AVIS, District Judge.

This case comes to the Court for review of the order of Referee Grimshaw, relating to a claim of the landlord of bankrupt, asserting priority of claim for certain rents owing at the time of filing the petition.

An involuntary petition was filed on September 15, 1936, and with consent of bankrupt it was adjudicated on the same date.

The question at issue came before the referee on a petition of Mary O’Gorman, the landlord of the bankrupt, which set forth that the bankrupt was indebted to petitioner, in the sum of $280, for rent at the rate of $140 per month, for the two months immediately preceding the filing of the petition, $70 for use and occupancy by the receiver after his appointment, and the further sum of $500 for rent which had accrued in 1932, and had been awarded to petitioner in a suit instituted in the Court of Chancery of New Jersey. After hearing, the referee allowed the $350 as a prior claim, but refused to allow the $500 for rent more than one year in arrears at the time of the filing of the petition.

In the referee’s certificate it is stated that the question raised is as follows:

“Does the New Jersey Landlord and Tenant Act give to a landlord a priority for unpaid rent in an amount equal to one year’s rent, regardless of the time when said rent accrued, or does the said statute limit the landlord’s priority to unpaid rent accruing within the period of one year prior to the filing of the petition.”

The statute referred to is found in Rev. Stats, of New Jersey, 1937, 2:58-1 and 2:58-2. These sections, in brief, provide that no goods or chattels shall be removed from premises of a lessee, under any execution, attachment or other process, unless the landlord is paid “all rent due for such premises at the time of the taking of such goods or chattels by virtue of such process”, and further, “provided always that the arrears of rent do not amount to more than one year’s rent.”

Considerable argument has been presented with relation to the technical application of the law, distinguishing the enacting portion of a statute from the proviso, and which probably states proper legal conclusions.

It is not necessary, however, that the cases cited should be especially considered or analyzed, in view of the decision of the Circuit Court of Appeals for the Third Circuit in the case of Bennett’s Estate v. Sproul, 42 F.2d 33. That case determined the same question applicable to a statute of Pennsylvania which in effect is the same as the New Jersey statute.

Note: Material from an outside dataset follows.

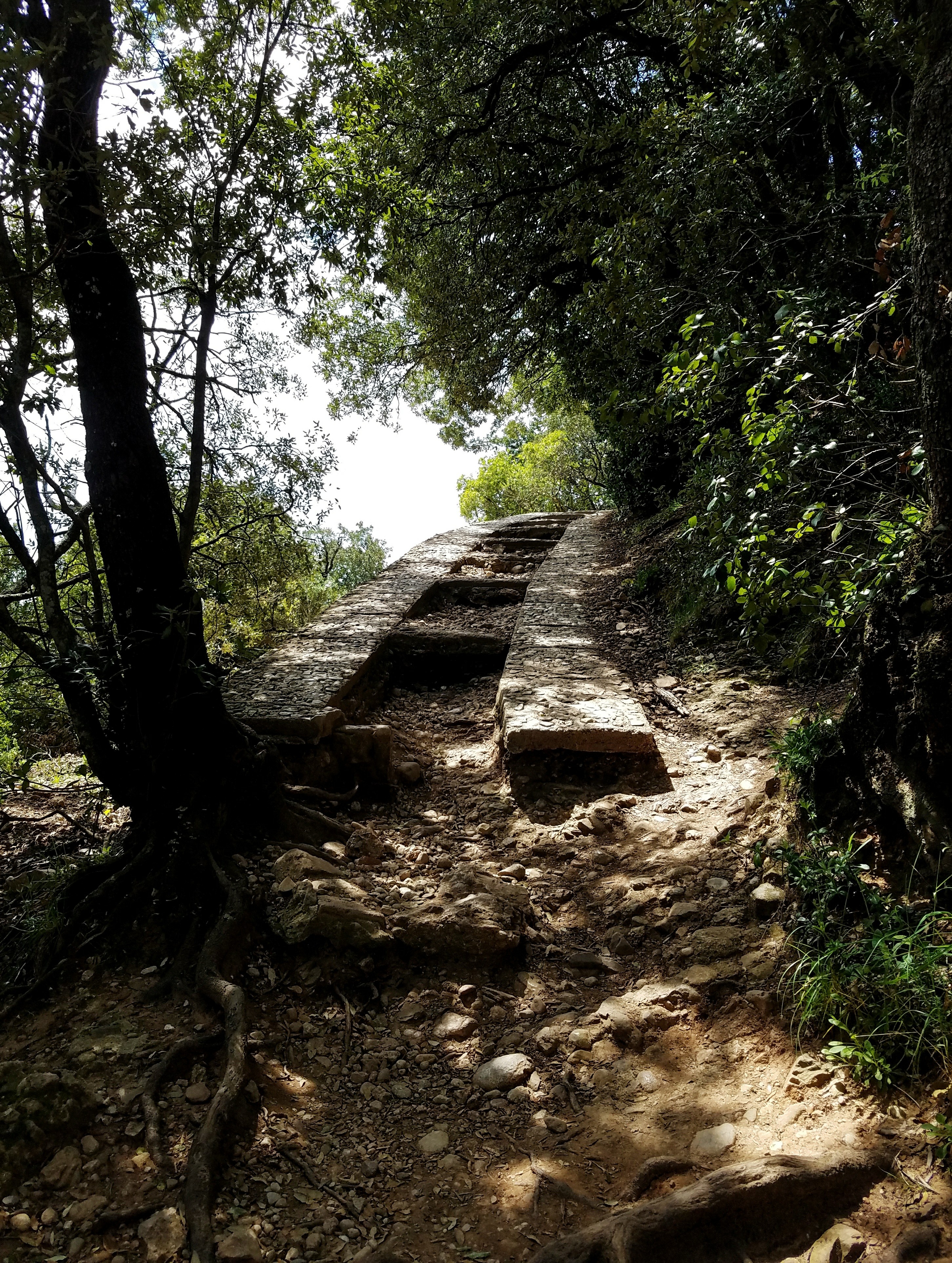 The funicular ride was quick, and landed me at a crossroads of hiking trails, each leading to a different point in the Montserrat mountains. I knew without a doubt I wanted to hike to the highest possible point—Sant Jeroni—and thankfully I learned from a blog (Probe Around the Globe) that the Sant Jeroni path is an IMMEDIATE right upon exiting the funicular station. Immediate, indeed! I think I would have missed it had I not read that blog post during my research phase. (I know. I know. Again with the research. But, see how vital it is??)
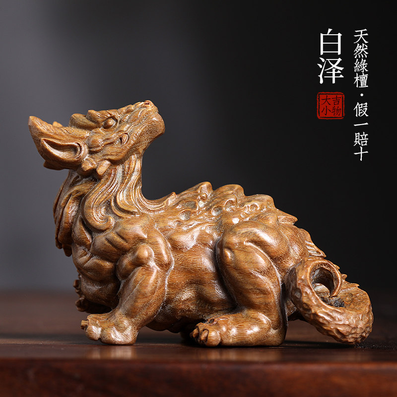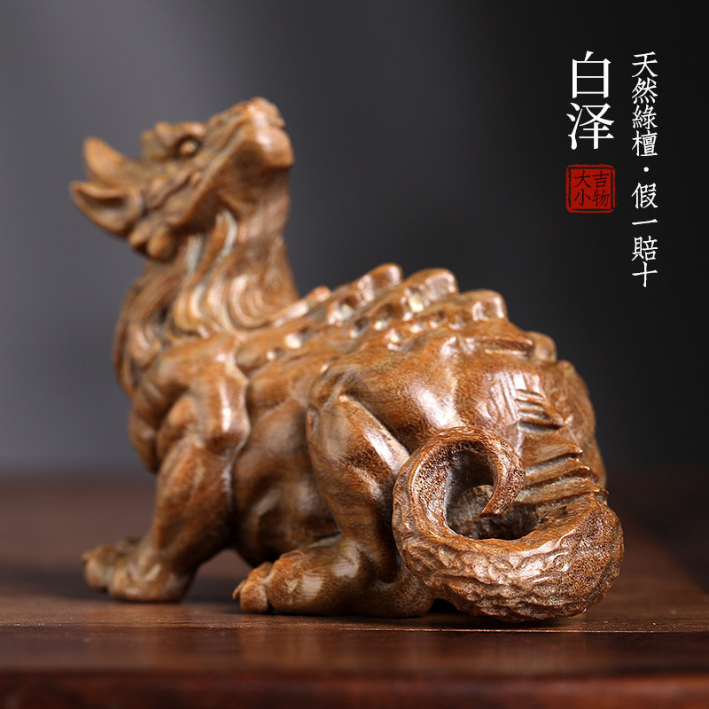 天然绿檀木实木雕刻白泽摆件文玩手把件家居装饰品工艺品

Judge Buffington, writing the opinion of the court in that case, said on pages 34 and 35:

“Referring to the first question, we note the statute provides for the payment ‘of any sums of money due for rent at the time of taking such goods in execution.’ Standing alone, there is no limitation as to time of accrual or quantum of amount. The only limitation is that it is for rent due, viz., ‘any sum of money due for rent at the time of taking such goods in execution.’ We are therefore justified in holding that the purpose of the statute was to give the landlord a lien for his rent, no matter when it had become due, so long as his rent was due when the goods were taken in execution, but that the lien should be limited in money to the measure of one year’s rent. On reflection, the reason for so construing the statute is clear. Prior to the issue of an execution, the landlord could distrain for all unpaid rent and collect the same.' When, however, the tenant’s goods were taken in execution by a creditor, the land-' lord’s right to interfere with such execution was by the statute taken away, but, in view of such deprivation, the statute gave the landlord a lien for ‘any sum of money due for rent.’ But in recognition of the execution creditor’s right, it limited the lien of the landlord’s priority to the measure of a single year’s rental.”

In view of this finding in the Circuit Court, I conclude that the $500 should have been allowed as a priority payment, and the order of the referee is reversed.